Never for him, though.
He recognized the voice and maybe that was the reason why he relaxed a little. Not enough that he felt safe, but safety was a fucking joke here. Nothing was ever safe.
“Konstantin,” Pav greeted, not unkindly.
“You didn’t answer my question.”
“There’s nothing to answer.”
“I think there is, yes?” Konstantin’s sigh echoed through the space, crawling to Pav’s spot at the kitchen sink slowly. “My father is gone—and he’s the one who put you here over a decade ago.”
“Fourteen years ago.”
“Hmm.”
Pav finished washing the cup and set it on the cupboard with the other washed dishes sitting atop a drying towel. Turning slowly, he found Konstantin Boykov standing in the doorway of his quarters. The man hadn’t even stepped beyond the threshold, and Pav wasn’t sure if he appreciated that, or if that was a sign of something bad yet to come.

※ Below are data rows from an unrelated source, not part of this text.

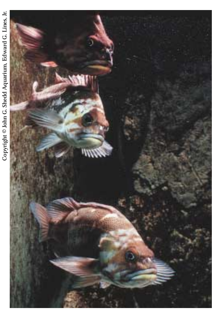
Very low productivity is one factor in classifying the copper rockfish ( Sebastes caurinus ) as vulnerable in Puget Sound.

DPS in Canada: Endangered, 33 interior Bay of Fundy rivers from St. Johns R., NB, to Annapolis R., NS (population declined from 40,000 in mid-1980s to a few hundred in 1999), NS e. and s. rivers (populations extirpated in 14 rivers, acid rain and water quality problems); threatened, St. Croix R. to St. Johns R., NB; vulnerable, Miramichi R.; not at risk, Restigouche R., NS, Northumberland Strait and Cape Breton Isl., most rivers in NF and PQ; not assessed, Labrador (ASF 2000; DFO 2000).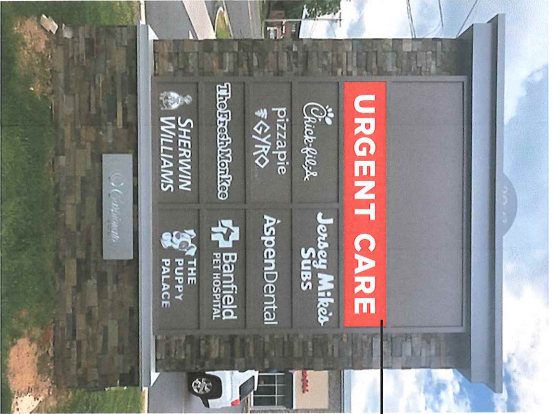
Aluminum face with cut-out text backed up with white acrylic.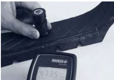
Fig. 6: Measurement of the rubber thickness inside beneath the tread up to the steel mesh (max. 6.5 mm) with probe F10-2.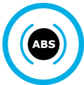
Anti-lock Braking System (ABS) + EBD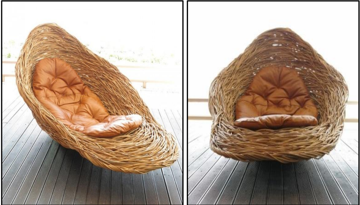
FIGURE L: Fallen Nest by Porky Hefer (South Africa), 2019.

5.2.1 Do you think the product in FIGURE L above is considered a design or a craft, or both? Give reasons for your answer. (2)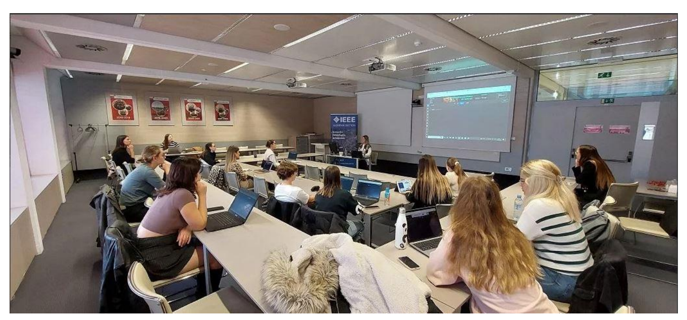
Figure 2: Workshop, computer programming for girls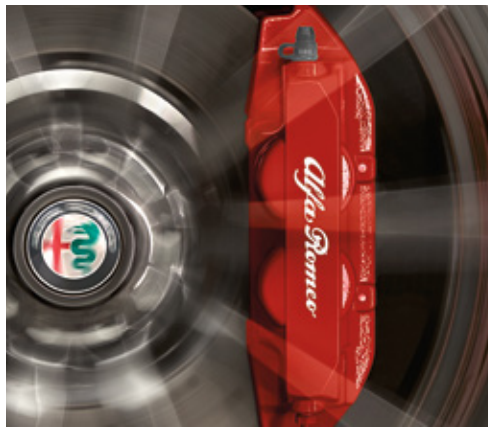
Red brake calipers Available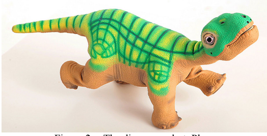
Figure 2. The dinosaur robot, Pleo

equipped with touch sensors, microphones, ground foot sensors, force-feedback sensors, orientation tilt sensors, infrared mouth sensors, a camera-based vision system, and a beat detection system.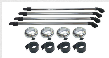
Optional Brace Kit

“He’s gone,” Konstantin said, “and so why aren’t you? Nothing is keeping you here and no one would stop you.”
“Wouldn’t they?”
He’d tried to run once.
It hadn’t ended well.
Konstantin arched a brow, and it made the man’s hard features sharpen even more. He didn’t look entirely like his exiled father—there were obvious differences—but his features were similar enough that it made Pav pause, and wonder … how alike are you to your father, Konstantin Boykov?
The answer to that question would likely decide how this meeting ended, honestly. Pav still wasn’t willing to ask the question out loud.
“I don’t have any place to go,” Pav replied, “the Compound is my home.”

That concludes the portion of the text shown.